Chorioangiomas are detected in approximately 1% of placentas carefully sectioned after delivery. However, chorioangiomas large enough to be detected sonographically only occur once in every 3,500 to 20,000 deliveries. Most chorioangiomas are encapsulated and intraplacental. As the tumor increases in size, it begins to protrude into the amniotic cavity. Chorioangiomas are most commonly detected around the cord insertion into the placenta. The elevation in second trimester maternal serum alphafetoprotein with placental chorioangiomas is believed to be due to an increased disruption of the maternal-fetal barrier surrounding the chorioangioma.
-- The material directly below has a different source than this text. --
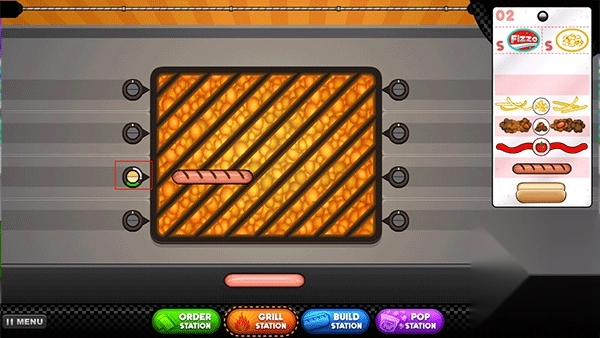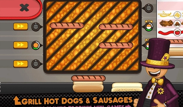 先把热狗放在烤炉上,留意左边指针的颜色,等指针变成橙色时就再次点击热狗给它翻面。(记住别让它烤焦了哦)

Smaller chorioangiomas are usually incidental findings. However, chorioangiomas of greater than 5 cm in diameter have been associated with a number of maternal and fetal complications. Non-immune hydrops results from the shunting of blood to the tumor and secondary fetal high-output failure. Fetal anemia, thrombocytopenia, cardiomegaly, congestive heart failure, and polyhydramnios may occur. Preterm labor and intrauterine growth restriction are also common findings associated with chorioangiomas. The degree of vascular shunting to a chorioangioma detected by color doppler correlates with the likelihood of the aforementioned fetal complications. The management of large chorioangiomas has been primarily symptomatic. Serial transfusions have been used to treat fetal anemia and thereby delay the time of delivery until the fetus was viable. In a case report Quintero and colleagues reported interrupting the vascular supply of a chorioangioma via fetoscopic bipolar cautery. Although the procedure was technically successful, the fetus died on the third post-operative day. Additional experience with large chorioangiomas will be required before a definitive treatment plan can be established.

Differential Diagnosis

The sonographic appearance of some placental hemorrhages is indistinguishable from a chorioangioma. The presence of arterial or venous flow within a placental mass would support a diagnosis of a chorioangioma. Since a chorioangioma may spontaneously infarct, the absence of flow is not as helpful in delineating between these two possible diagnoses. A placental teratoma or a metastatic tumor should also be considered n the differential diagnosis. Up to 40% of teratomas, as well as metastatic tumors to the placenta, may contain calcifications which are not present in chorioangiomas. Malignant melanoma, breast carcinoma and leukemia are the three malignancies that most frequently metastasize to the placenta.

Sonographic Features

The presence of arterial or high grade venous flow is diagnostic for a chorioangioma. However, highly cellular or degenerative tumors may have little vascularity.

Large chorioangiomas may undergo degenerative changes, such as necrosis or calcification.

The echo pattern of chorioangiomas varies from being isoechoic with the placenta to having a mixed echodense/echospared appearance based on the degree and type of degenerative changes that have occurred.

Chorioangiomas are frequently confused with placental abruptions.

A placental teratoma is a rare germ cell tumor that may, on superficial sonographic inspection, resemble a chorioangioma.

Most fetal teratomas consist of cystic and solid components; up to 40% contain calcifications.

Since chorioangiomas do not contain areas of calcification, these two tumors can be differentiated sonographically.